Number of wins by tour
- Ladies European Tour: 1

Best results in LPGA major championships
- Chevron Championship: DNP
- Women's PGA C'ship: DNP
- U.S. Women's Open: DNP
- Women's British Open: DNP
- Evian Championship: CUT: 2018

Achievements and awards
- LET Rookie of the Year: 2017

= Camille Chevalier =

French professional golfer

Camille Chevalier (born 19 December 1993) is a French professional golfer playing on the Ladies European Tour since January 2017.

==Amateur career==
Chevalier played college golf at Indiana University Bloomington and graduated in May 2016 with a degree in Liberal Studies and a Business Certificate from the Kelley School of Business. Her college career highlights included winning the Lady Buckeye Invitational in April 2016, holding the Indiana University record for lowest individual total score in program history, tying the Indiana University record for lowest single round and posting the best single-season scoring average in Indiana history.

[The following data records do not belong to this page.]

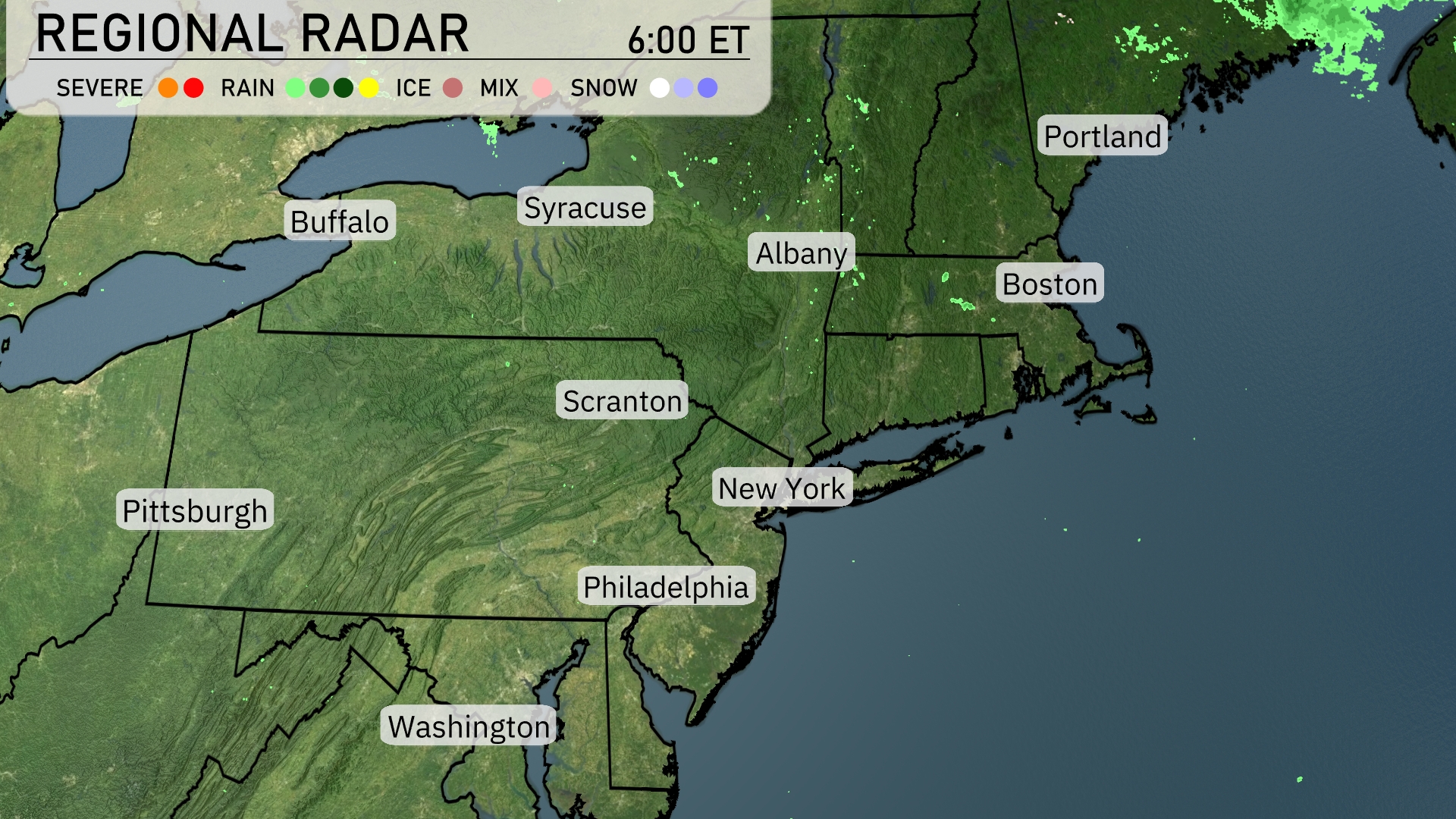 Welcome to our detailed weather rundown with Amy Freeze. This week in NYC, expect a mix of partly cloudy days, sunshine, and a brewing storm. We’ll guide you through calm days and alert you ahead of heavy rains, ensuring you’re prepared whatever the weather. Enjoy the calm before the storm and stay tuned as we move through a varied Northeast forecast, complete with recommendations for each day’s conditions. Over in the Northeast region, the radar shows calm weather dominating much of the area. Albany and Syracuse are under light, scattered precipitation moving southeast. Portland is experiencing the beginnings of these showers, but overall, conditions are rather peaceful. From Boston to New York, the skies remain clear with no significant weather disturbances. Washington and Philadelphia also enjoy tranquil skies, making for a pleasant start to the day.
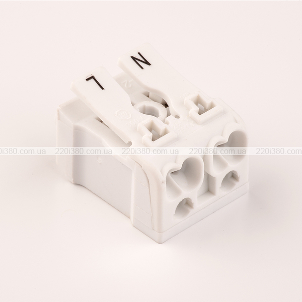 Від двох до п'яти отворів (заатискачів) в одному корпусі.Кожна клема має маркування (фаза, нуль, земля) на рухомій частині для
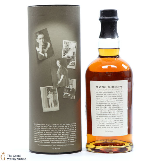 The bottling celebrates the 100th birthday of Janet Sheed Roberts on the thirteenth of August 2001. She was the granddaughter of William Grant of Glenfiddich.
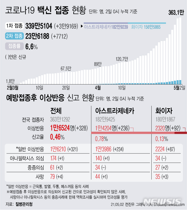 [그래픽] 백신 1차 접종 363.1만명…사망 의심 신고 4건 증가

Regarding academics, she earned WGCA All-American Scholar honors for three straight years (3.7 or higher cumulative GPA).

==Professional career==
In December 2016, Chevalier earned full status in Qualifying School to play on the Ladies European Tour. During her first season, she secured her maiden professional win at the Hero Women's Indian Open, finished 10th of the Order of Merit, and became the 2017 Rookie of the Year.

In 2018, Chevalier played on both the Symetra Tour and the Ladies European Tour. Her season highlights included a top 10 finish in the Andalucia Costa Del Sol Open De España Femenino and a cut made in her first major, the Evian Championship.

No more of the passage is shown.